* **Instructions to follow**
Your answer must be the full listing, word for word, with no images in it.

* **Raw data**

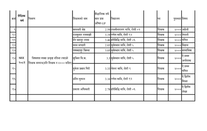 त्यसैगरी २०८१ को परिक्षामा विषयगत रूपमा उत्कृष्ट नतिजा दिलाउन सफल शिक्षकहरूलाई पनि नगद पुरस्कारसहित सम्मान गरिएको छ । सम्मानित हुने शिक्षकहरूमा लक्ष्मीनारायण मावि कि अंग्रेजी विषय शिक्षिका सरस्वती श्रेष्ठ,गणेश मावि का नेपाली विषय शिक्षक राजकुमार रायमाझी, हरिसिद्धि मावि का गणित विषय शिक्षक शेर बहादुर लामा, भुमेश्वर मावि का विज्ञान विषय शिक्षक मदन भण्डारी, भुमेश्वर मावि का सामाजिक विषय शिक्षक गणबहादुर जिम्वा रहेका छन् ।
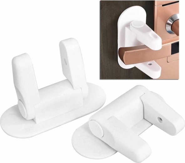 Bezpečnostné zariadenie na kľučku, ktoré bráni malým deťom otvoriť dvere alebo okno. Má veľkú základňu, ktorá umožňuje pevnú inštaláciu bezpečnostného zariadenia za kľučku pomocou lepiacej pásky. Zámok pevne priľne ku každému povrchu dverí a k okennému rámu. Ramienka siahajú až 7 cm do hĺbky, čím zabraňujú otvoreniu kľučky. Obojstranné tlačidlá na ramenách umožňujú rýchle odomknutie zámku a používanie dverí oprávnenými osobami :)
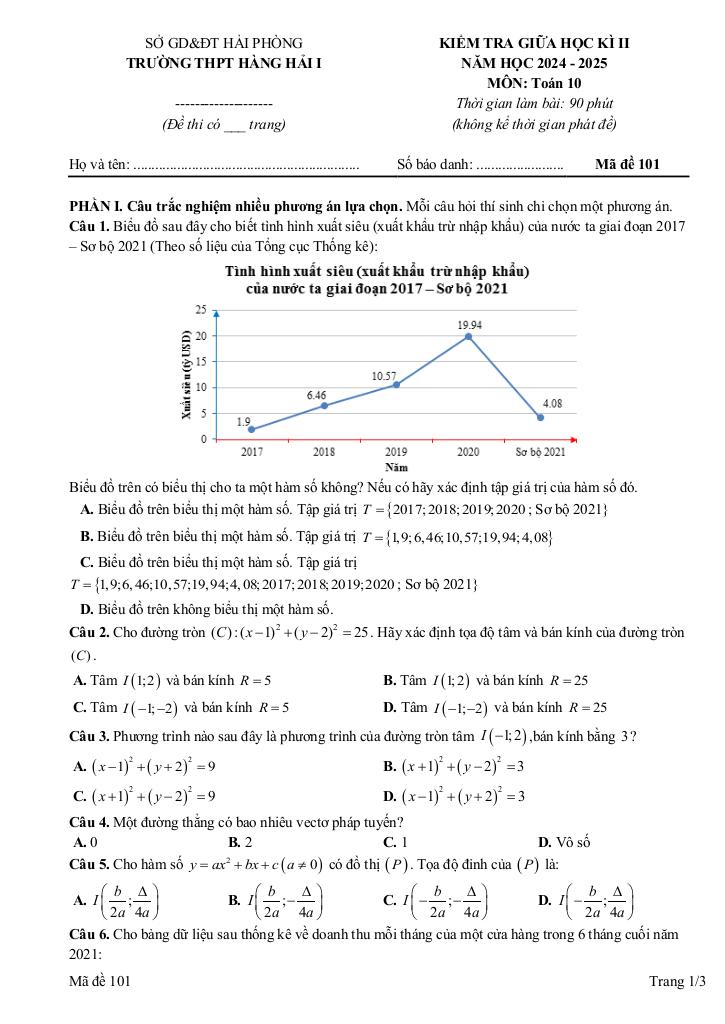 Trích dẫn Đề giữa học kì 2 Toán 10 năm 2024 – 2025 trường THPT Hàng Hải 1 – Hải Phòng:

* **Written solution**
 त्यसैगरी २०८१ को परिक्षामा विषयगत रूपमा उत्कृष्ट नतिजा दिलाउन सफल शिक्षकहरूलाई पनि नगद पुरस्कारसहित सम्मान गरिएको छ । सम्मानित हुने शिक्षकहरूमा लक्ष्मीनारायण मावि कि अंग्रेजी विषय शिक्षिका सरस्वती श्रेष्ठ,गणेश मावि का नेपाली विषय शिक्षक राजकुमार रायमाझी, हरिसिद्धि मावि का गणित विषय शिक्षक शेर बहादुर लामा, भुमेश्वर मावि का विज्ञान विषय शिक्षक मदन भण्डारी, भुमेश्वर मावि का सामाजिक विषय शिक्षक गणबहादुर जिम्वा रहेका छन् ।
 Bezpečnostné zariadenie na kľučku, ktoré bráni malým deťom otvoriť dvere alebo okno. Má veľkú základňu, ktorá umožňuje pevnú inštaláciu bezpečnostného zariadenia za kľučku pomocou lepiacej pásky. Zámok pevne priľne ku každému povrchu dverí a k okennému rámu. Ramienka siahajú až 7 cm do hĺbky, čím zabraňujú otvoreniu kľučky. Obojstranné tlačidlá na ramenách umožňujú rýchle odomknutie zámku a používanie dverí oprávnenými osobami :)
 Trích dẫn Đề giữa học kì 2 Toán 10 năm 2024 – 2025 trường THPT Hàng Hải 1 – Hải Phòng:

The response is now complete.